This report analyzes the SwiftKey dataset for the Coursera Data Science Capstone. The goal is to build a word prediction application.
We sample only 10,000 lines from each file to avoid memory issues.[citation:5]
# Set file paths (adjust if your files are in a different location)
blogs_path <- "final/en_US/en_US.blogs.txt"
news_path <- "final/en_US/en_US.news.txt"
twitter_path <- "final/en_US/en_US.twitter.txt"
# Function to safely read a sample of lines
read_sample <- function(path, n = 10000) {
if (!file.exists(path)) {
stop(paste("File not found:", path))
}
con <- file(path, "r", encoding = "UTF-8")
on.exit(close(con))
lines <- readLines(con, n = n, warn = FALSE, skipNul = TRUE)
return(lines)
}
# Read 10,000 lines from each file
blogs <- read_sample(blogs_path, 10000)
news <- read_sample(news_path, 10000)
twitter <- read_sample(twitter_path, 10000)
cat("Successfully loaded", length(blogs), "blogs,", length(news), "news articles, and", length(twitter), "tweets")

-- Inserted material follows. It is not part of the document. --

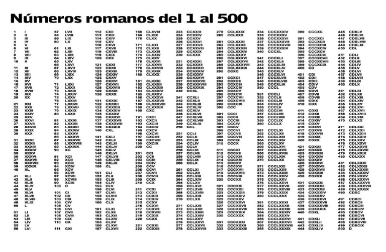 Numeros Romanos Del 1 Al 500

## Successfully loaded 10000 blogs, 10000 news articles, and 10000 tweets
library(stringi)
# Calculate file sizes in MB
file_size <- function(path) {
round(file.info(path)$size / 1024^2, 2)
}
# Create summary table
summary_table <- data.frame(
File = c("Blogs", "News", "Twitter"),
Size_MB = c(file_size(blogs_path), file_size(news_path), file_size(twitter_path)),
Lines_Sampled = c(length(blogs), length(news), length(twitter)),
Words_Sampled = c(
sum(stri_count_words(blogs)),
sum(stri_count_words(news)),
sum(stri_count_words(twitter))
)
)
summary_table
## File Size_MB Lines_Sampled Words_Sampled
## 1 Blogs 200.42 10000 413215
## 2 News 196.28 10000 349062
## 3 Twitter 159.36 10000 126736
library(ggplot2)
# Combine sampled data
all_text <- c(blogs, news, twitter)
# Split into words
all_words <- unlist(strsplit(tolower(all_text), "[[:space:][:punct:]]+"))

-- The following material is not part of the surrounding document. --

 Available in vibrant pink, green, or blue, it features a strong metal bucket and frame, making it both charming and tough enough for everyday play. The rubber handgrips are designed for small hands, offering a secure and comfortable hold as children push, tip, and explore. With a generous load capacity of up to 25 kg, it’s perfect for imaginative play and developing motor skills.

# Remove empty strings and numbers
all_words <- all_words[!all_words %in% c("", as.character(0:9))]
# Get frequency table
word_freq <- sort(table(all_words), decreasing = TRUE)
# Take top 20
top_words <- data.frame(
Word = names(word_freq[1:20]),
Count = as.numeric(word_freq[1:20])
)
# Plot
ggplot(top_words, aes(x = reorder(Word, -Count), y = Count)) +
geom_bar(stat = "identity", fill = "darkorange") +
theme_minimal() +
theme(axis.text.x = element_text(angle = 45, hjust = 1)) +
labs(title = "Top 20 Most Frequent Words", x = "Word", y = "Frequency")
## 4. Key Findings
Algorithm: I will build an n-gram model (sequences of 2-3 words) with back-off. When a user types a phrase, the app will look for the most frequent word that follows the last 2 words in our database.
Shiny App: The app will have a simple text input box. As the user types, the predicted next word will appear below. The app will run entirely in the browser and respond in real time.